Jerry West is “The Logo.” For years, it was the worst kept secret in basketball. Everyone knew it, from players and executives to the fans at home. One sight of that signature silhouette is all that’s needed for those with any familiarity with West as a player.

What you may not have known, however, is that without SPORT Magazine, the NBA logo as we know it would not exist. 

In a new Prime Video feature-length documentary on the life and legacy of West, aptly titled “The Logo,” the record is set straight, once and for all. The commissioner himself, Adam Silver, officially acknowledges West’s likeness was the inspiration for the NBA logo (something his predecessor, David Stern, would never do). Silver’s source? Alan Siegel, the designer.

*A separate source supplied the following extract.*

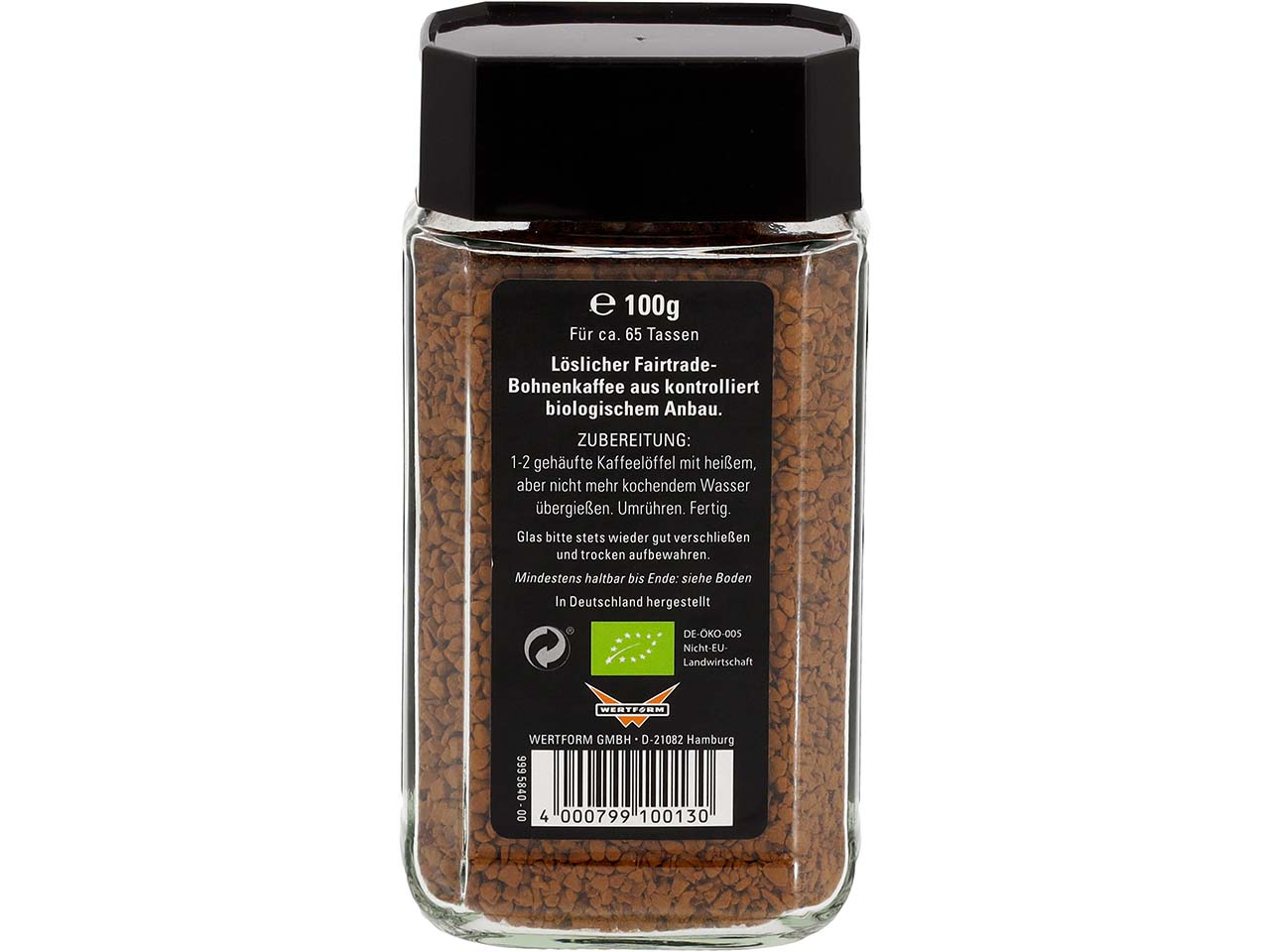 löslicher Bohnenkaffee gefriergetrocknet* *aus kontrolliert ökologischer Erzeugung |

Tasked with creating a new “symbol for the identity of the league” in 1969, Siegel reached out to SPORT Magazine in search of inspiration. According to an NPR piece on West from 2024, it was famed sportswriter, broadcaster, and author Dick Schaap, then managing editor of SPORT, who aided Siegel.

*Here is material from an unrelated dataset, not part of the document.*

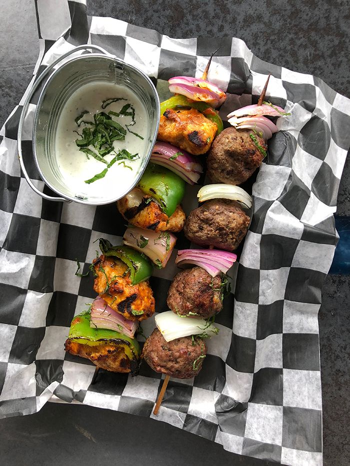 The menu features a food truck-inspired lineup of handheld items like skewers, sliders, tacos and grilled cheese along with bar favorites like wings, nachos and loaded fries.

“I thought this picture that I found of him dribbling up the court was very elegant, very classic, showed a dynamic motion,” Siegel says in the doc. From there, the design came together swiftly, in a matter of hours. The NBA’s interest was “immediate,” and the rest, as they say, is history.

Today the NBA logo remains iconic and instantly recognizable. The only thing that’s changed is our acknowledgment of its origins; Jerry West and SPORT Magazine, now forever tied by “The Logo.”